01 October 2006

Want power for a motor condition monitoring sensor? Forget batteries. Try these

The vision of wireless sensor networks is warmly embraced by many control vendors and condition-based maintenance personnel in industrial plants. What they’re not so happy about is the prospect of deploying thousands of batteries and then changing them, every few months, to make the communications work.

Roy Freeland, chief executive at U.K. startup company Perpetuum Ltd., (www.perpetuum.co.uk) thinks he has the answer. He calls it ‘vibration energy harvesting.’

A Cambridge graduate engineer who has run several technology-based companies (Meggitt Electronics,
Bowthorpe (Spirent), and United Industries), Mr. Freeland has taken charge of the company, originally spun out of Southampton University. In the past year the microgenerator was vastly improved, important trial contracts were signed (U.S. Navy, Yorkshire Water in the U.K., and an ‘international oil company’), and early this year an additional $4 million in new investment was secured. Things are looking up.

The idea of generating electricity from vibrations has been around for at least a decade, but most of the early devices, based on the piezoelectric effect, produced only a few microwatts.
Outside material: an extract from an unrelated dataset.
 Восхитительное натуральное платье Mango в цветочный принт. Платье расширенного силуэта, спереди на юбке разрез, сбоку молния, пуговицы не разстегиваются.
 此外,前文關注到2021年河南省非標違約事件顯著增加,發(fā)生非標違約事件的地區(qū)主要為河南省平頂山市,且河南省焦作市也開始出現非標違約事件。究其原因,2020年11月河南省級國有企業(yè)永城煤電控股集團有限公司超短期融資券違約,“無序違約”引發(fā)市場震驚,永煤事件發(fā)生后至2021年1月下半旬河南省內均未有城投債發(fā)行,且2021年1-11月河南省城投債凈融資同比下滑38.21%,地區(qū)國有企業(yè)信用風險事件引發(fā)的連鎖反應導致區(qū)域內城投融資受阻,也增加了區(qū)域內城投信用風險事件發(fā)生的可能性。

Perpetuum’s simple electromechanical device generates power in the low milliwatt range. The microgenerator uses a coil positioned between four permanent magnets (shown in red in the diagram), which are at the end of a
cantilever beam. Vibration causes the magnets to bounce up and down and generates electricity according to the Faraday effect. The ac current from the coil is rectified through a power conditioning circuit and stored in capacitors, which are discharged when needed to power something, like a sensor or a wireless transmitter.

The key patent in the device, the PMG7, is the sprung beam that supports the magnets. It is designed to resonate at the motor’s 50 or 60 Hz and produce the greatest amounts of electricity at these points. Users can ‘tune’ the microgenerator with a screwdriver to achieve maximum current output. The next generation PMG17 is designed to be much less dependent on the 50/60 Hz motor frequencies.
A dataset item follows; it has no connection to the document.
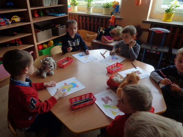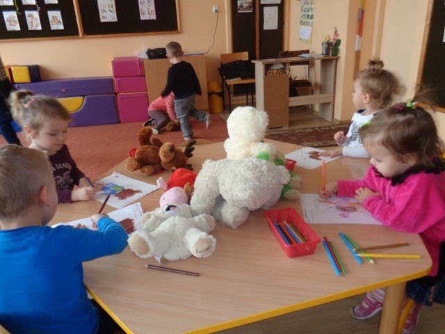Ponadto cała grupa wykonała prace plastyczną w postaci kolorowanki misia. A na koniec dnia każde dziecko wykonało Niedźwiadka z kolorowego papieru. A do domu zabraliśmy wszyscy sporą dawkę dobrego humoru.

As surprising as it seems, even the smoothest running motor produces enough kinetic energy through vibration to power the microgenerator. The minimum is 25 mg (where g is the gravitational force, not grams), to generate electricity sufficient to power a sensor and transmitter. At 100 mg Perpetuum says it can produce 5 mW at 3.3 volts. For temperature sensing there is enough power to transmit a value several times a second; a 6,000 byte vibration spectrum might be transmitted every 20 to 30 minutes. By comparison, the life of one (3.5Whr) AA battery at 1mW output is about 4 months.
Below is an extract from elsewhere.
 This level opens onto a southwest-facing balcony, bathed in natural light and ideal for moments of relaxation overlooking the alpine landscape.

Technology convergence favours the microgenerator concept. Much lowpower research has been done to
produce mobile telephones, notebook computers and loop-powered instruments, and the benefit of this work is that sensors and microprocessors today need only a fraction of the current they required a generation ago.

And industrial applications of wireless technology are beginning to take off. In semiconductor manufacturing
equipment, an engineer at Intel said ‘The conventional cost to equip a machine with six sensors is $8,000. A
wireless system is about $1,000.’

With the installation cost of a single wired sensor in a refinery or petrochemical plant running into tens of thousands of dollars, it is easy to see why companies are interested in wireless devices. But they don’t want
batteries, either.

The first product
The microgenerator by itself is interesting, but not useful unless it’s coupled with the sensor, and so
Perpetuum has teamed up with RLW Inc. (www.rlwinc.com), a company in State College, Penn., U.S.A. that specialises in Condition Based Maintenance applications. Together the two companies have produced the S5NAP, which packages the PMG7 microgenerator with RLW’s accelerometer and temperature sensor and an IEEE 802.15.4 (the basis of the ZigBee standard) compatible radio transmitter.

Several S5NAP units are currently being tested at an incinerator operated by Yorkshire Water in the U.K. (photo). The sensors are held onto the motors and pumps by magnets so they can be moved about the plant. The 802.15.4 radio has been working perfectly in the plant, in spite of all the metal obstacles.

Perpetuum’s next development is the PMG17. Unlike the current PMG7, which works with a narrow range of
frequencies around 50 or 60 Hz, and needs to be fine tuned for each motor to get maximum output, the PMG17 will not be so frequency sensitive, and will work with 90% of all motors with no adjustment (see figure at left).

Beyond that, Perpetuum is working on the next generation: a 5mm x 5mm silicon MEMS microgenerator chip, for which they have secured EU development funds.